Project Summary Pancreatic beta cells derived from human induced pluripotent stem cells (hiPSCs) hold the potential to dramatically change the treatment of type 1 diabetes (T1D). To realize the therapeutic application of these cells, however, we need to develop a robust and rapid means for generating beta cells. Here, the investigators propose a novel paradigm for direct programming of hiPSC into beta cells via CRISPR activation of transcription factors (TFs). These CRISPR activation effectors will be delivered into hiPSCs using modRNAs, avoiding genomic integrations by previous viral vector approach. Furthermore, the investigators will also use recent advances in gene editing to generate universal donor hiPSC clones, which will be used for beta cell programming. These universal donor beta cells can be used for allogeneic transplantation without immune rejections. First, the investigators will investigate optimal msgRNAs for activation of pancreatic TFs in hiPSCs. Next, they will use a multiplexed msgRNA expression system to express all msgRNAs to activate numerous msgRNAs coupled with the dCas9 activator modRNA to study beta cell programming. In Aim 3, the investigators will generate immune-privileged beta cells via programming of universal donor hiPSCs. Universal donor hiPSCs will be generated by removing B2M to inhibit T cell-mediated rejection, and by overexpression of HLA-E trimer to avoid the natural killer (NK) cell-mediated lysis of transplanted cells. The investigators will then use in vitro and in vivo assays to characterize programmed beta cells. For in vitro experiments, the investigator will perform glucose stimulated insulin secretion assay. For in vivo assays, the investigator will use the NRG Akita mice to test whether programmed beta cells can reverse diabetes in vivo. The investigator will also use humanized NSG mice to study whether programmed beta cells from universal donor hiPSCs exhibit immune evasive properties as compared to cells generated from normal hiPSCs.

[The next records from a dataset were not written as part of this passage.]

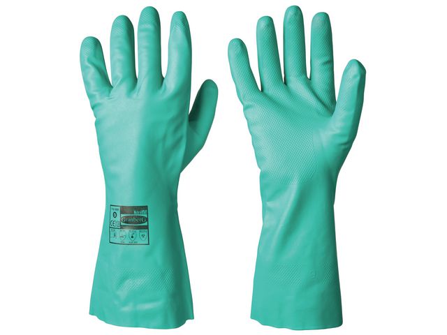 Produktbeskrivning:OBS! ARTIKEL PÅVERKAD AV CORONAUTBROTTET, OSÄKER LEVERANSTID. VÄLJ UR ÖVRIGT SORTIMENT UTIFRÅN AKTUELLT LAGERSALDO PÅ VÅR HEMSIDA. Skydda händerna mot kemikalier genom att använda dessa nitrilhandskar från Granberg. De har ett räfflat mönster på handflatan och fingrarna vilket gör dem idealiska för användning i torra eller våta förhållanden tack vare den halksäkra ytan. Bomullsfodret inuti handskarna gör dem extra bekväma. Dessutom är de längre än vanliga handskar vilket ger skydd ovanför handlederna. Nitrilgummit gör dem mycket motståndskraftiga mot kontakt med olja, fett och andra kemiska ämnen, och de är mycket praktiska i industrier såsom fordon, livsmedel, flygindustrin, kemikalier och apotek. - Kemikaliebeständiga handskar - Ger skydd mot lösningsmedel - Halkskydd och nötningsskydd - Bomullsfoder för ökad komfort - Lämpliga för användning inom fordonsteknik, livsmedel, läkemedel, kemikalier, tryckerier och flygindustrin - Extra långa för att täcka handlederna - Certifiering: EN 388, 374, 420, 1186 - Material: Nitrilgummi, bomullsflock på insidan - Färg: Grön - Längd: 33 cm - Mått: Liten - En förpackning innehåller 12 par handskar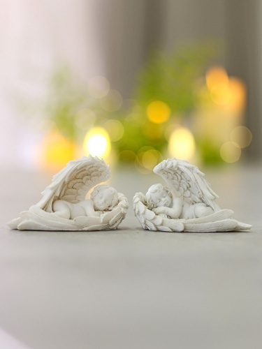 Фигурка полистоун Белоснежный ангелочек, спящий в крыльях , 4 6.5 2.5 см, МИКС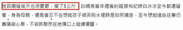 白冰冰也透露自己的近况,被网络黑子重提伤心事,她很忧郁,短短几天就瘦了5公斤,女儿当年受害的证据和影像她到现在还留着,身为母亲总是会想女儿惨遭毒害去世时的痛苦。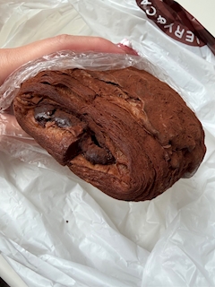 どんぐりの、このチョコパン本当に美味しいの🤍 チョコまみれー🤣 表面のチョコがパリパリしてて、中に入ってるチョコがしっとりしてて最高🥹 仕事前には食べれないからいつも家帰った時のお楽しみにしてるんだぁ🤭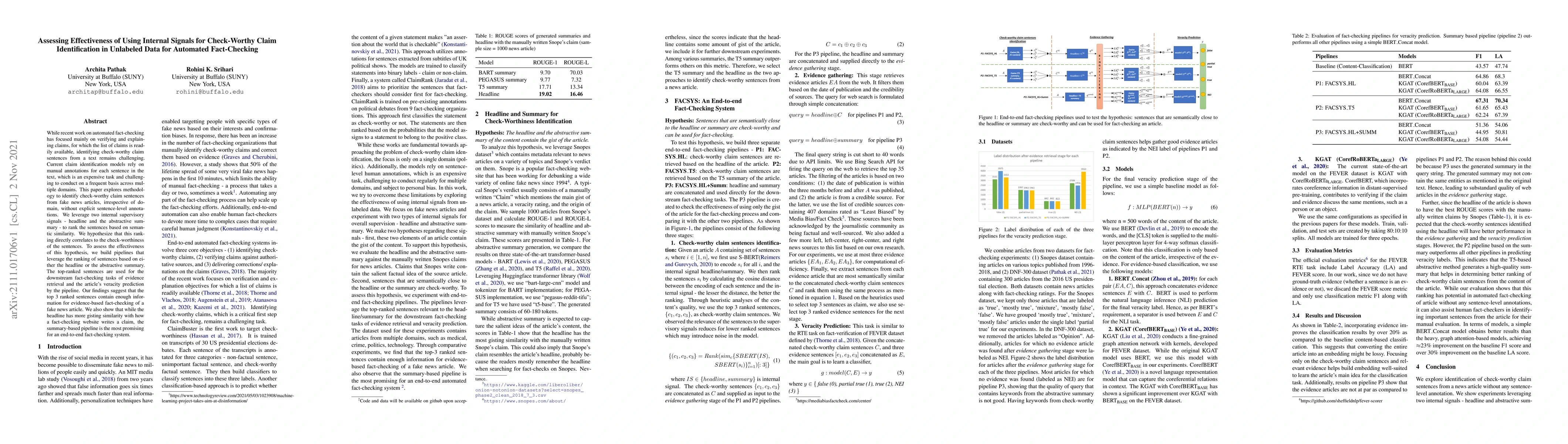 This research develops a methodology to identify check-worthy claims in unlabeled text data using internal signals like headlines and summaries, without manual annotations. It finds that the top-ranked sentences based on semantic similarity to these signals are sufficient for fact-checking, with summary-based ranking showing the most promise for a comprehensive fact-checking system.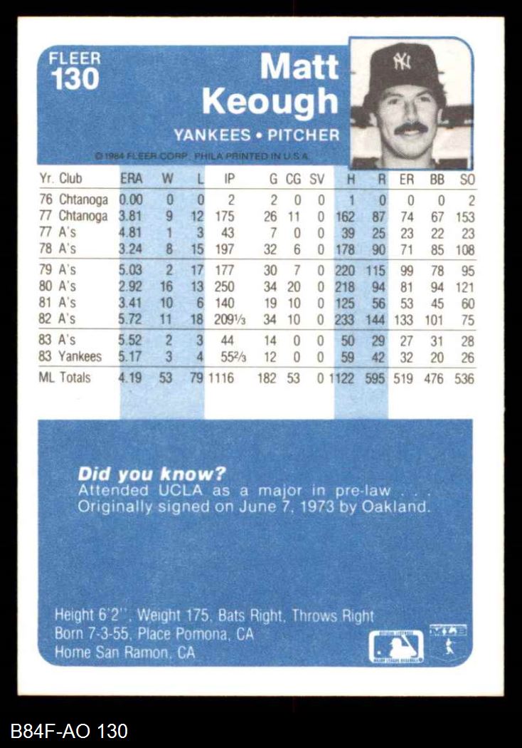 1984 Fleer #130 Matt Keough 8 - NM/MT
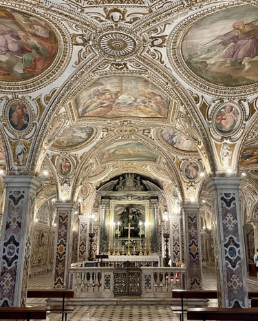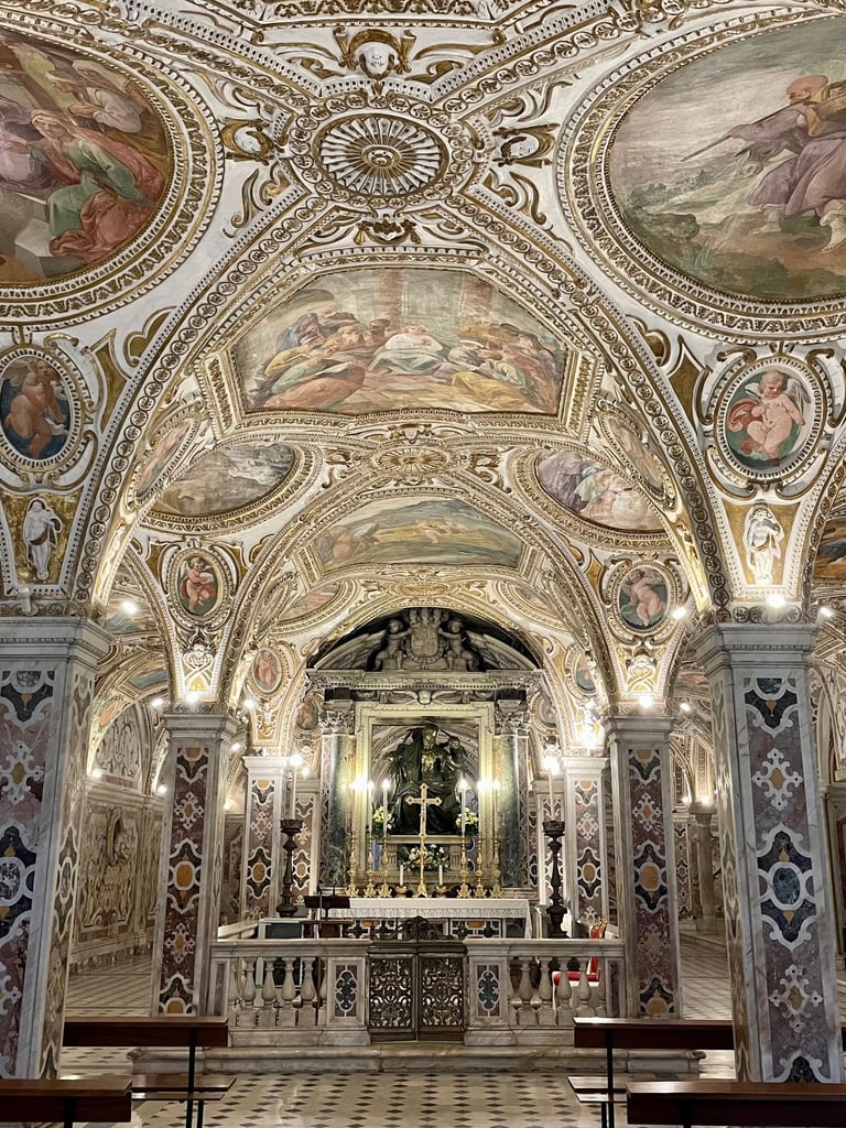 We will explore the charming historic center, “fare passegiata” (stroll) along the beautiful Lungomare Trieste seafront and enjoy gelato at Nettuno (the local's favorite), visit the impressive Salerno Cathedral, and enjoy wonderful pasta and pizza together. The Salerno Duomo is special because it is dedicated to Saint Matthew the Evangelist and locals believe it house his relics in its crypt, making it a significant pilgrimage site. It is also a unique blend of architectural styles, featuring elements from Romanesque, Arab-Norman, and Baroque periods, along with historical features like 11th-century bronze doors from Constantinople and 12th-century lion-guarded stairways.

项目摘要 来源于人诱导多能干细胞(HiPSCs)的胰岛β细胞具有 极大地改变了1型糖尿病(T1D)的治疗。为了实现这些药物的治疗应用 然而，我们需要开发一种强大而快速的方法来产生β细胞。在这里，调查人员 提出了一种通过激活CRISPR将HiPSC直接编程到β细胞中的新范式 转录因子(TF)。这些CRISPR激活效应器将使用modRNAs传递到HiPSCs中， 避免通过以前的病毒载体方法进行基因组整合。此外，调查人员还将使用 基因编辑在产生将用于β细胞的通用供体HiPSC克隆方面的最新进展 编程。这些通用的供体β细胞可以用于无免疫的同种异体移植。 拒绝。 首先，研究人员将研究在HiPSCs中激活胰腺转录因子的最佳msgRNAs。接下来，他们 将使用多路msgRNA表达系统表达所有msgRNAs以激活大量msgRNAs 与dCas9激活子modRNA结合，研究β细胞编程。在《目标3》中，调查人员将 通过编程通用捐赠者的HiPSCs来产生免疫特权的β细胞。全能供体hPSCs 将通过去除B2M来抑制T细胞介导的排斥反应以及通过过表达HLA-E三聚体来产生 以避免自然杀伤(NK)细胞介导的移植细胞裂解。然后，研究人员将在体外使用 并在体内进行测试，以表征程序化的β细胞。对于体外实验，研究人员将 进行葡萄糖刺激的胰岛素分泌试验。对于活体检测，研究人员将使用NRG Akita 以测试程序化的β细胞是否能在体内逆转糖尿病。调查员还将使用 人源化NSG小鼠研究来自通用捐赠者HiPSCs的编程β细胞是否表现出免疫力 与正常的HiPSCs产生的细胞相比，它具有逃避特性。